Больше всего Дини раздражало то, что публика оставалась неподвижной. В ней заговорило самолюбие певички из кафе-шантана: там считалось просто дурным тоном не уметь завести публику. Трюк со стрельбой глазками, увы, не помог, поэтому Дини решила идти ва-банк. Продолжая ходить от одного стола к другому, она задержалась у того, где сидел герцог Саффолк, протянула руку над блюдом с устрицами, которые герцог весьма жаловал, и сорвала с его головы широкополую бархатную шляпу. Тот поначалу чрезвычайно удивился, затем глупо заулыбался, польщенный всеобщим вниманием. Он хотел было что-то сказать, но Дини уже срывала головной убор с другого гостя – маленького пожилого человечка в темной одежде.
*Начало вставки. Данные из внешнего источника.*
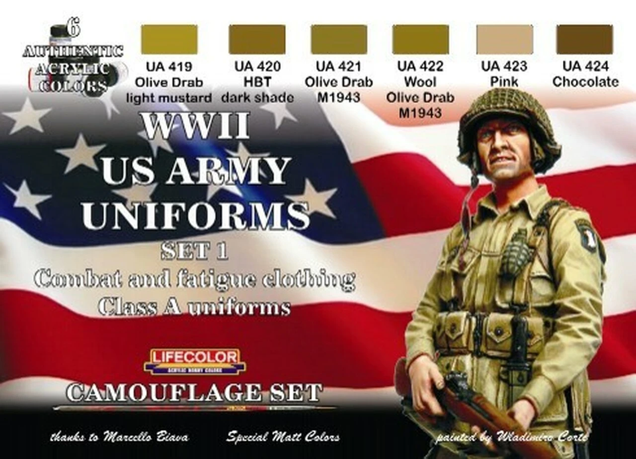 Camouflage US Army WWII Combat, Fatigue, Class A Uniforms Acrylic Set #1 (6 22ml Bottles) Life Color Camouflage US Army WWII Combat, Fatigue, Class A Uniforms Acrylic Set #1 (6 22ml Bottles) Life Color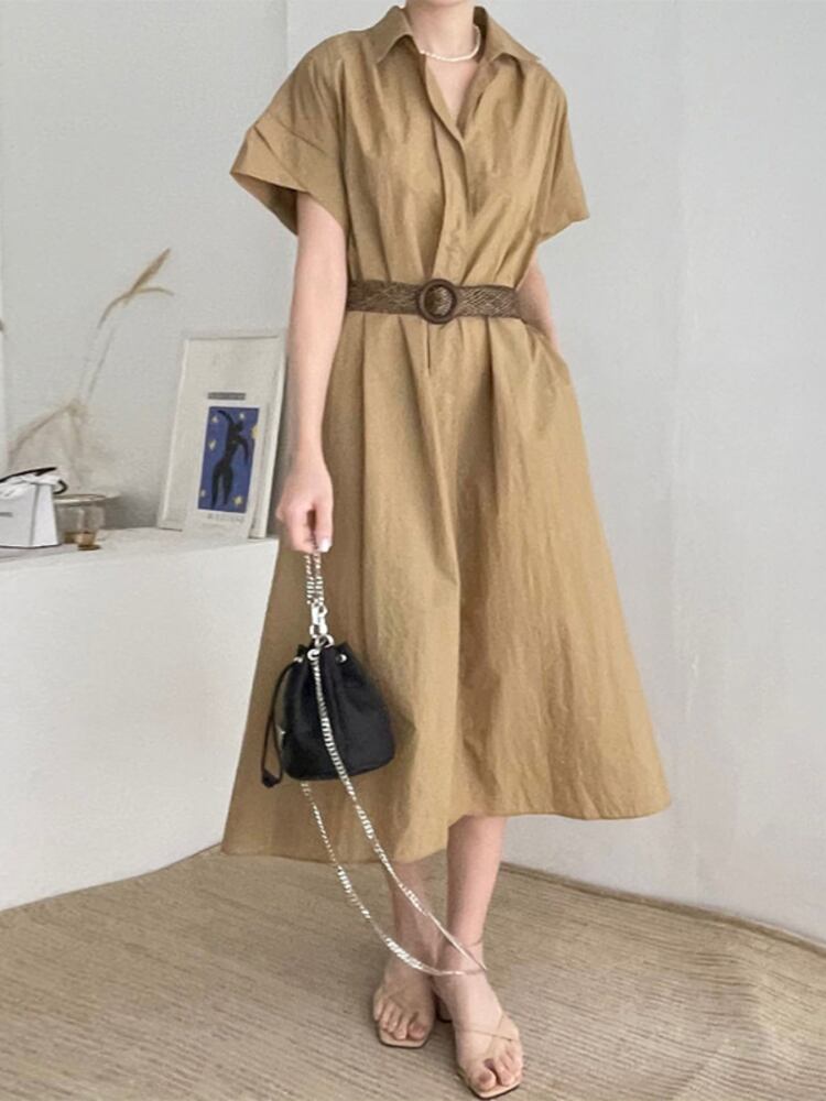[EWQ] シャツドレスベルト付きシングルブレストルーズカジュアル半袖ドレス夏潮 Vestido 16Y9630 ショート ハーフスリーブ サマー 夏物 ハーネス

К несчастью, старикашка оказался новым епископом Винчестерским, хотя и весьма игривым. В такт музыке он начал кивать теперь уже обнаженной головой. Следующей жертвой оказался герцог Норфолк. Дини решила заодно позлить его. Она не обошла своим вниманием и дам, хотя по собственному опыту знала, как сложно крепить головные уборы к прическам.
Итак, шляпы гостей громоздились на одном конце стола, а Дини продолжала шествие по залу, отбрасывая ногой непослушный шлейф всякий раз, когда ей требовалось изменить направление.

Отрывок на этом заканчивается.